The steel dragon leapt hundreds of feet up into the air, then spread his mighty wings again and once more circled the battlefield. This time as he passed over the lizzies, he opened his mouth and aimed it at them, but no flame erupted. Instead, a rain of tiny little sparkles, like stardust in the sun’s dying light, rained lightly down upon the lizardmen. Circling to the other side of the battlefield, he rained another spray of the little sparkling bits onto the humans, drifting down onto them as light as snow.
“What in Kafira’s name is that?” wondered Iolana.
“I have no idea,” replied the lizzie priestess. “I’ve never seen anything like it before.”
“What now?” asked the girl.
“Now, we must speak to Yessonar.”
Tokkenoht stood up on the branch, holding onto the tree trunk with one hand. With the other, she drew a magical shape in the air.
“Uutanuhn, uutanuhn, uutanhn,” she recited.

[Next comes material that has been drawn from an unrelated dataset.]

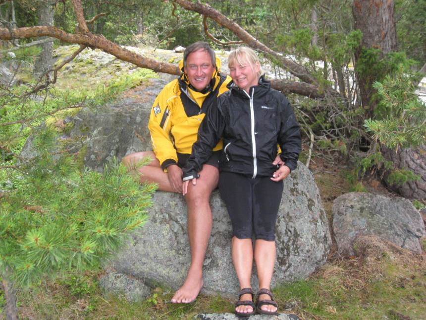 Efter lång och sen frukost synkade vi planen med Charlotte och Jesper som paddlat ner till Huvfallsö där ett gäng Malmö-paddlare väntade. Målet för midsommarafton var fina vackra Klåvskär, en av våra favoritöar som vi så gärna ville visa för resten av gänget. Klåvskär ligger ju 4-5 km norr om en annan favorit, Örö. Givetvis paddlade vi inom om Örö och önskade Elisabet och Owe en Glad Midsommar.

The dragon made a flying turn so sharp that it seemed impossible for such a huge body. Then he flew directly to where the two watched from the tree, landing at the giant pine’s base. Stretching up on his hind legs brought him only halfway to their height, so he began carefully climbing.
“Do not fear,” said Tokkenoht at Iolana’s elbow. “He will not harm you.”
“Imagine my surprise,” said the deep, rumbling voice of the steel dragon, his head, as large as both the girl and the female lizzie, suddenly looking them in the eye. “One of my favorite humans and one of my favorite lizzies together.”
Tokkenoht gave the girl a steely glance.